Extracted data entries
/---
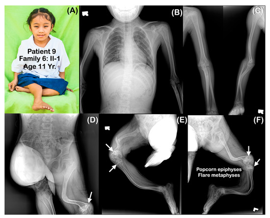 (A–F) Family 6. Patient 9 (Family 6: II-1). Age 11 years. Generalized osteopenia. All long bones are slender and curved. Femora are severely shortened. Fracture of right femur is noted. (D–F) Popcorn epiphyses and metaphyses at distal femora are visible (arrows).
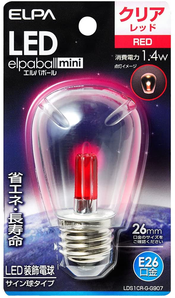 ELPA LED装飾電球 サイン球形 口金直径26mm クリアレッド LDS1CR-G-G907
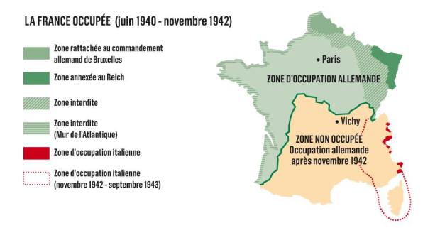 Le 10 juillet 1940, l’Assemblée nationale vote les pleins pouvoirs constituants au maréchal Pétain alors chef du gouvernement. Ce mandat censé mettre en place une nouvelle constitution garantissant les droits du travail, de la famille et de la patrie va aboutir dans les faits sur la mise en place d’un régime autoritaire et dictatorial connu sous le nom de Régime de Vichy. Un culte de la personnalité se met alors progressivement en place autour de la figure du maréchal Pétain, héros de la Grande Guerre et qui apparaît en ces temps de désastre national comme un véritable phare dans la nuit pour bon nombre de français. Si le gouvernement de Vichy conserve la souveraineté de l’ensemble du territoire de France métropolitaine, l’armée allemande occupe le littoral atlantique et la partie nord de l’Hexagone selon la convention d’armistice du 22 juin 1940.
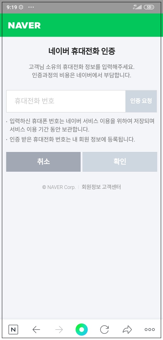 아래와 같이 동의를 완료하셨다면, 휴대전화를 인증해주세요.
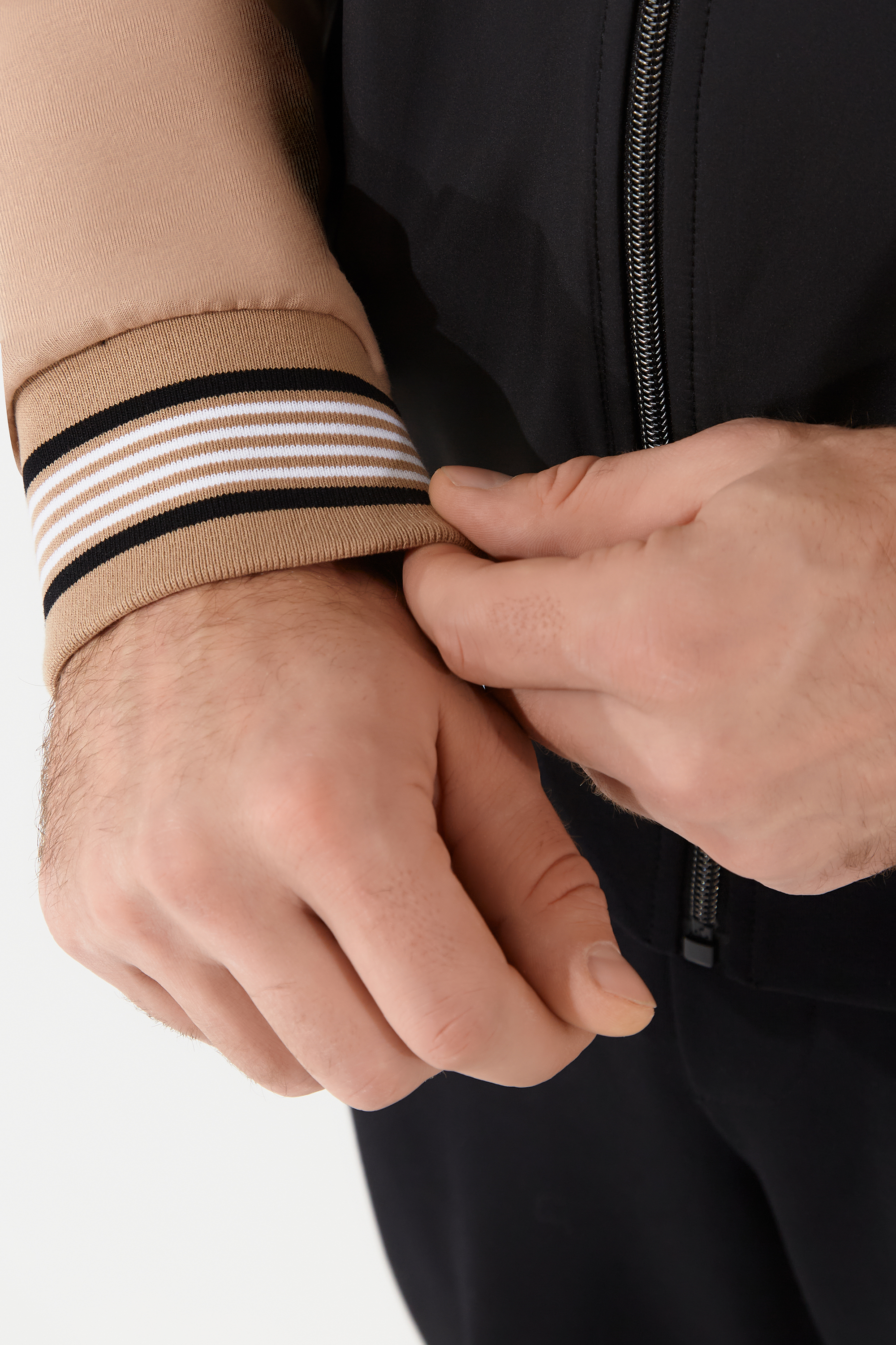 Рукава втачные. Манжеты рукавов и пояс по низу изделия выполнены из трикотажного полотна ластик.
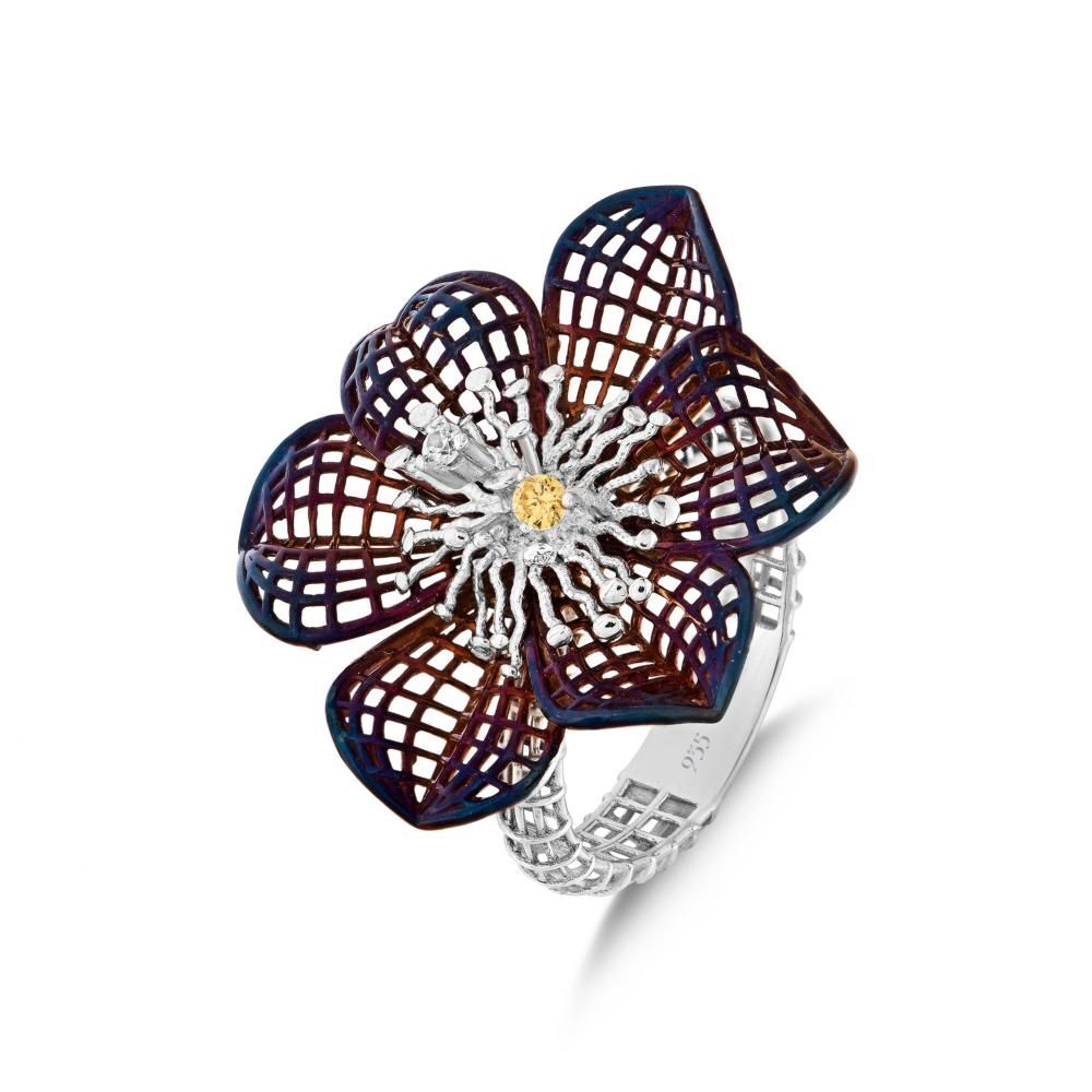 Gallica Delik Yapraklı Saçak Tohumlu Gümüş Yüzük
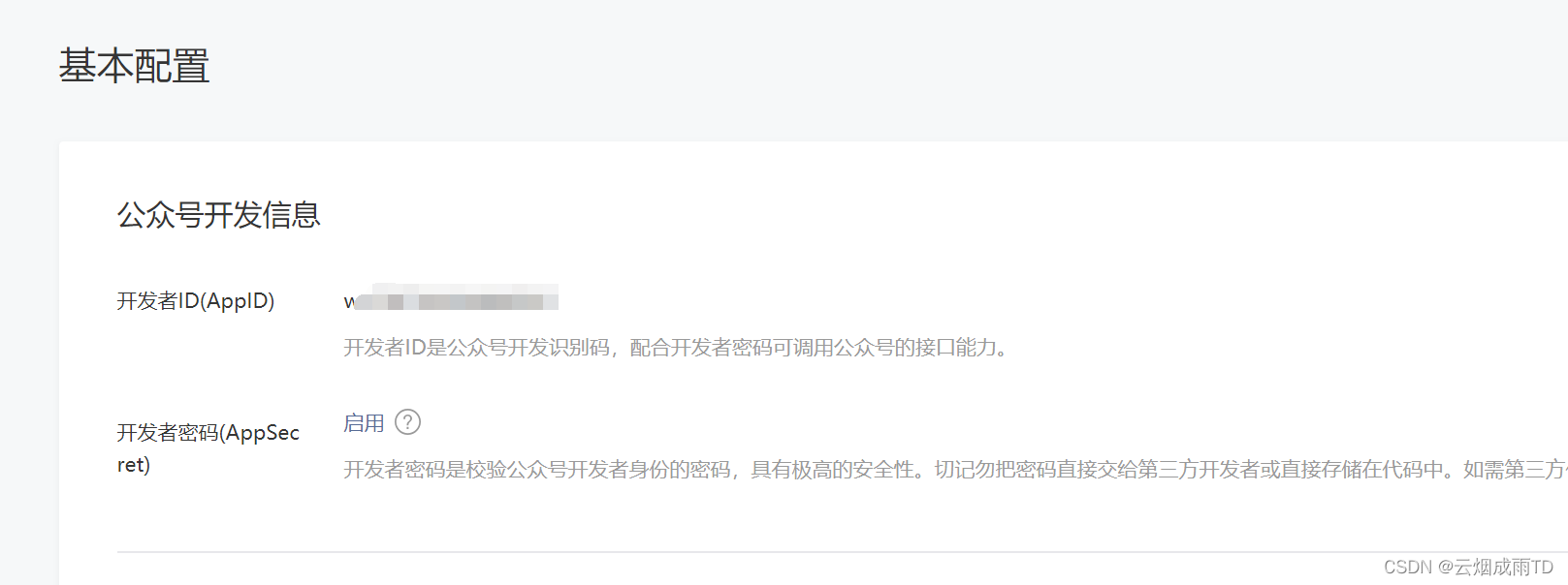 公众号申请成功后,服务商可登录公众平台即可获取对应的APPID,具体查阅目录为 【开发-> 基本配置-> 公众号开发信息】,如下图所示。
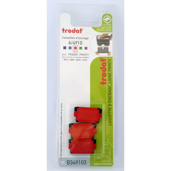 Boite de 3 cassettes rouges 6/4910 pour : Trodat 4810 / 4836 / 4910 / Ref.Trodat B349103
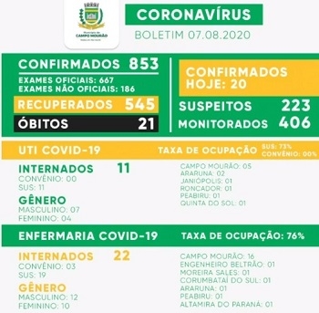 Mais 20 casos de covid foram confirmados nesta sexta-feira em Campo Mourão. O total foi a 853. Houve 20 recuperados e eles agora são 545. O número de suspeitos cresceu de 177 para 243 (+46). São 287 as pessoas da cidade com o vírus, no momento.
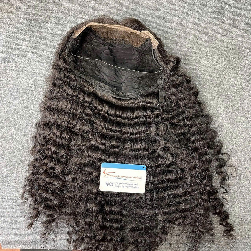 Best quality Deep Wavy Wig Black Color hair extensions , 100% Vietnamese raw hair no shedding no tangles no messy
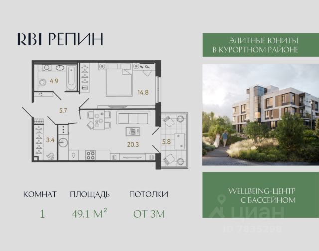 "Репин" — элитный лаунж-комплекс от RBI в Курортном районе Петербурга в посёлке Репино по адресу Приморское шоссе, 441. Шоссе считается петербургским аналогом трассы Канны Ницца Монако. Вместо пиний — сосновый лес, который сменяется открытыми морскими видами хотя и не Средиземного моря, но такого же просторного Финского залива. Проезжая по Приморскому шоссе, вы уже отдыхаете. После Репинских Пенатов дорога круто поворачивает к югу и совершает плавную дугу к западу — именно здесь в 400 метрах от залива располагаются роскошные виллы вэлнес-комплекса "Репин". Формат проживания камерный — без суеты и лишнего шума. В четырёх виллах всего 84 сити-хауса. Есть номера с палисадниками и отдельным входом, лоты с террасами и возможностью установки дровяного камина, двухэтажные юниты с двусветной кухней-гостиной, высота потолков в которой достигает 6,3 или 6,6 метров. На типовых этажах потолки 3 метра, на последнем этаже — 3,3 метра. Площадь юнитов от 45,8 до 150,7 м² — можно приобрести инвестиционный лот под сдачу в аренду или купить номер для собственного роскошного проживания. Конструкция стен продумана таким образом, чтобы вы могли реализовать перепланировку пространства вплоть до объединения соседних юнитов с сохранением высокой звукоизоляции между номерами. На территории комплекса находятся ещё два инфраструктурных корпуса — они располагаются вдоль шоссе и создают визуальный и акустический барьер для вилл. В первом корпусе находятся центральная входная группа с ресепшн и зоной ожидания гостей, ресторан с отдельным входом и wellbeing-центр, где оборудуют спортзал, бассейн, хамам и сауну. Всё, чтобы вы могли переключиться от рутины и обрести себя заново! Во втором корпусе — трёхуровневый паркинг на 60 машиномест. Ещё 10 м/м на уличной автостоянке. Все виллы — малоэтажные и размещены в шахматном порядке, чтобы вы могли наблюдать умиротворяющий пейзаж прямо из окон или с террасы своего номера. Лаконичная скандинавская архитектура вторит окружению и способствует расслаблению, а декоративная ландшафтная подсветка преображает комплекс в сумерки. Приватная охраняемая территория утопает в зелени: равнины перемежаются с живописными холмами, создавая аллюзию на пейзажный парк. Среди всей этой красоты благоустроены разнообразные лаунжи: две открытые площадки для встреч у костра и обогреваемая фуршетная зона, подиум с деревянными шезлонгами и декоративный водоём с кинетической скульптурой от Владислава Муханова и Ивана Зубарева. Дети могут играть на экологичной детской площадке во дворе, а спортсмены — заниматься на профессиональных уличных тренажёрах FOREMAN. Refresh-коплекс "Репин". Ваш источник безмятежности в лоне природы побережья Финского залива!
\---
* _Exercise brief_: In repeating the lines above, keep the wording exact and leave every picture out.

* _Solution to this exercise_:
 (A–F) Family 6. Patient 9 (Family 6: II-1). Age 11 years. Generalized osteopenia. All long bones are slender and curved. Femora are severely shortened. Fracture of right femur is noted. (D–F) Popcorn epiphyses and metaphyses at distal femora are visible (arrows).
 ELPA LED装飾電球 サイン球形 口金直径26mm クリアレッド LDS1CR-G-G907
 Le 10 juillet 1940, l’Assemblée nationale vote les pleins pouvoirs constituants au maréchal Pétain alors chef du gouvernement. Ce mandat censé mettre en place une nouvelle constitution garantissant les droits du travail, de la famille et de la patrie va aboutir dans les faits sur la mise en place d’un régime autoritaire et dictatorial connu sous le nom de Régime de Vichy. Un culte de la personnalité se met alors progressivement en place autour de la figure du maréchal Pétain, héros de la Grande Guerre et qui apparaît en ces temps de désastre national comme un véritable phare dans la nuit pour bon nombre de français. Si le gouvernement de Vichy conserve la souveraineté de l’ensemble du territoire de France métropolitaine, l’armée allemande occupe le littoral atlantique et la partie nord de l’Hexagone selon la convention d’armistice du 22 juin 1940.
 아래와 같이 동의를 완료하셨다면, 휴대전화를 인증해주세요.
 Рукава втачные. Манжеты рукавов и пояс по низу изделия выполнены из трикотажного полотна ластик.
 Gallica Delik Yapraklı Saçak Tohumlu Gümüş Yüzük
 公众号申请成功后,服务商可登录公众平台即可获取对应的APPID,具体查阅目录为 【开发-> 基本配置-> 公众号开发信息】,如下图所示。
 Boite de 3 cassettes rouges 6/4910 pour : Trodat 4810 / 4836 / 4910 / Ref.Trodat B349103
 Mais 20 casos de covid foram confirmados nesta sexta-feira em Campo Mourão. O total foi a 853. Houve 20 recuperados e eles agora são 545. O número de suspeitos cresceu de 177 para 243 (+46). São 287 as pessoas da cidade com o vírus, no momento.
 Best quality Deep Wavy Wig Black Color hair extensions , 100% Vietnamese raw hair no shedding no tangles no messy
 "Репин" — элитный лаунж-комплекс от RBI в Курортном районе Петербурга в посёлке Репино по адресу Приморское шоссе, 441. Шоссе считается петербургским аналогом трассы Канны Ницца Монако. Вместо пиний — сосновый лес, который сменяется открытыми морскими видами хотя и не Средиземного моря, но такого же просторного Финского залива. Проезжая по Приморскому шоссе, вы уже отдыхаете. После Репинских Пенатов дорога круто поворачивает к югу и совершает плавную дугу к западу — именно здесь в 400 метрах от залива располагаются роскошные виллы вэлнес-комплекса "Репин". Формат проживания камерный — без суеты и лишнего шума. В четырёх виллах всего 84 сити-хауса. Есть номера с палисадниками и отдельным входом, лоты с террасами и возможностью установки дровяного камина, двухэтажные юниты с двусветной кухней-гостиной, высота потолков в которой достигает 6,3 или 6,6 метров. На типовых этажах потолки 3 метра, на последнем этаже — 3,3 метра. Площадь юнитов от 45,8 до 150,7 м² — можно приобрести инвестиционный лот под сдачу в аренду или купить номер для собственного роскошного проживания. Конструкция стен продумана таким образом, чтобы вы могли реализовать перепланировку пространства вплоть до объединения соседних юнитов с сохранением высокой звукоизоляции между номерами. На территории комплекса находятся ещё два инфраструктурных корпуса — они располагаются вдоль шоссе и создают визуальный и акустический барьер для вилл. В первом корпусе находятся центральная входная группа с ресепшн и зоной ожидания гостей, ресторан с отдельным входом и wellbeing-центр, где оборудуют спортзал, бассейн, хамам и сауну. Всё, чтобы вы могли переключиться от рутины и обрести себя заново! Во втором корпусе — трёхуровневый паркинг на 60 машиномест. Ещё 10 м/м на уличной автостоянке. Все виллы — малоэтажные и размещены в шахматном порядке, чтобы вы могли наблюдать умиротворяющий пейзаж прямо из окон или с террасы своего номера. Лаконичная скандинавская архитектура вторит окружению и способствует расслаблению, а декоративная ландшафтная подсветка преображает комплекс в сумерки. Приватная охраняемая территория утопает в зелени: равнины перемежаются с живописными холмами, создавая аллюзию на пейзажный парк. Среди всей этой красоты благоустроены разнообразные лаунжи: две открытые площадки для встреч у костра и обогреваемая фуршетная зона, подиум с деревянными шезлонгами и декоративный водоём с кинетической скульптурой от Владислава Муханова и Ивана Зубарева. Дети могут играть на экологичной детской площадке во дворе, а спортсмены — заниматься на профессиональных уличных тренажёрах FOREMAN. Refresh-коплекс "Репин". Ваш источник безмятежности в лоне природы побережья Финского залива!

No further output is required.